China's second penalty-aided speed skating gold causes confusion, more controversy

Shaolin Sandor Liu and Ziwei Ren of were at the centre of controversy in the Men's 1000m final of the Beijing Olympics. (Getty)
Shaolin Sandor Liu and Ziwei Ren of were at the centre of controversy in the Men's 1000m final of the Beijing Olympics. (Getty)

Speed skating at the 2022 Winter Olympic Games has been a mill of controversy so far. And it's only Day 2.

China won its second gold medal in the sport and the Games on Monday, with Ren Ziwei taking first place in the men's 1,000-metre race, though he wasn't the first skater to cross the finish line.

Liu Shaolin Sandor of Hungary received two lane-violation penalties and a yellow card after a video review following a chaotic series of events that started with the Hungarian apparently bumping into Ren, who promptly grabbed onto his opponent right as both skaters approached the finish line.
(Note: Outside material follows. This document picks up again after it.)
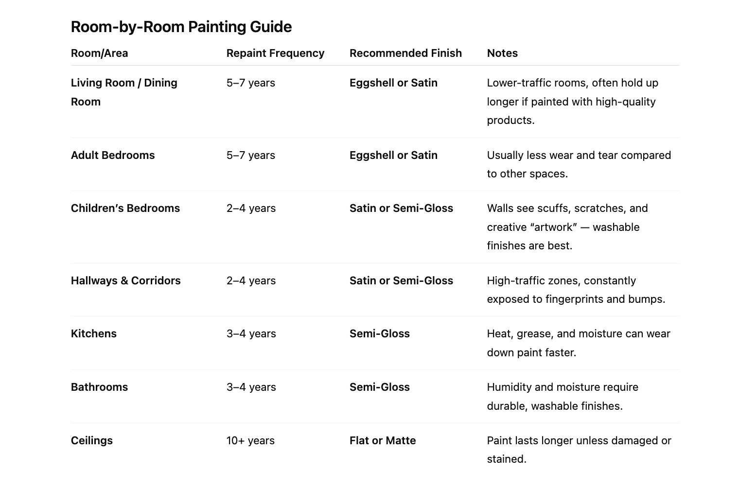 These spaces are usually painted with higher-quality finishes, so they hold up well. If the area doesn’t see much wear and tear, you can stretch the timeline toward the longer end.Bedrooms (5–7 years for adults, 2–4 years for kids’ rooms)

Liu Shaolin Sandor still managed to cross first.

After a long video review, however, Ren was elevated to the top spot and knocked Liu Shaolin Sandor off the podium entirely.

As has become the norm in these Olympic Games, the officials' decision was met with confusion and polarization. The fact that this is the second time China has earned gold after their opponents were handed out penalties only added to the online ordeal.
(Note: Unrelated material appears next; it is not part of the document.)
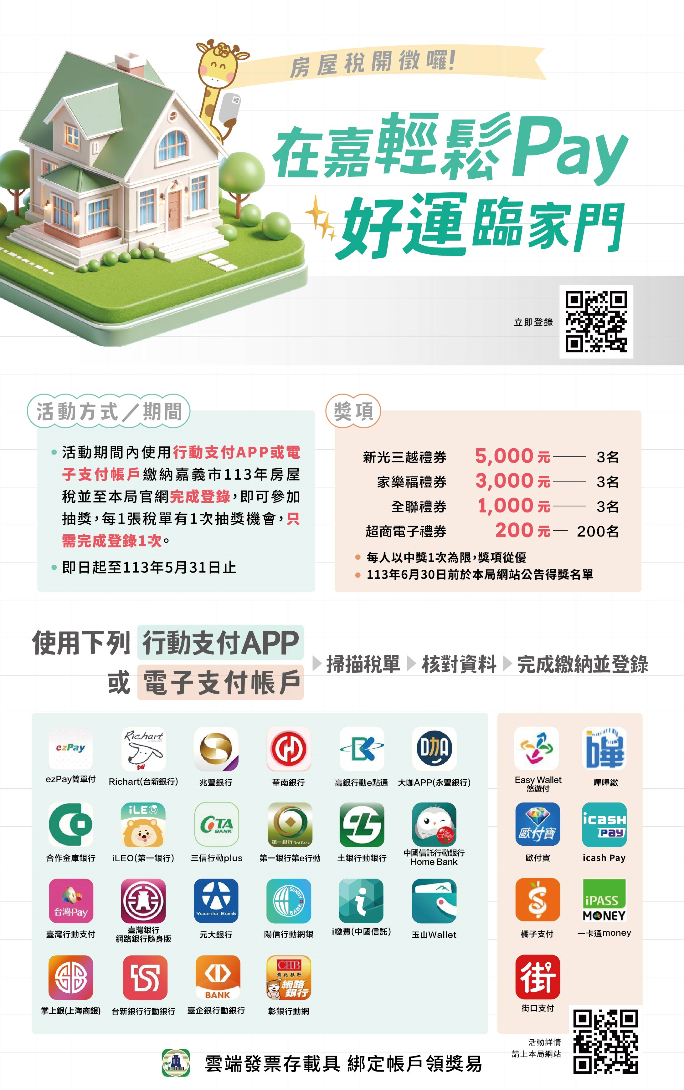 (三)「在嘉輕鬆Pay 好運臨家門」,5月31日前以行動支付或電子支付繳納本市開徵房屋稅並至市府財稅局網站完成登錄即可參加抽獎。

The men's 1,000-metre race was chaotic from the jump. The final had to be restarted so crew could remove metal debris and repair a tough spot on the ice, and the second time around brought even more drama.

While some believe Liu blocked Ren's way and impeded the Chinese skater, others defended he had a clean race. Then, there were those who agreed with the penalties handed out to Liu, but argued that Ren should have also been penalized for grabbing his opponent.

The one feeling that seemed to unite everyone involved in the discussion was utter confusion.

At least one athlete shares fans' confusion.

South Korean speed skater Kwak Yoon-gy spoke against the short-track officiating after China won gold in mixed relay despite failing to qualify for the final round. It wasn't until the United States and Russian Olympic Committee got disqualified that the Chinese earned a spot and eventually clinched their first top spot of these Games.

"If it had been any other country than China in that situation, I wondered if that team would still have been allowed to reach the final like that," said Kwak.

The Olympic Games run until Feb. 20, which leaves plenty of time for more controversy in an event brimming with it.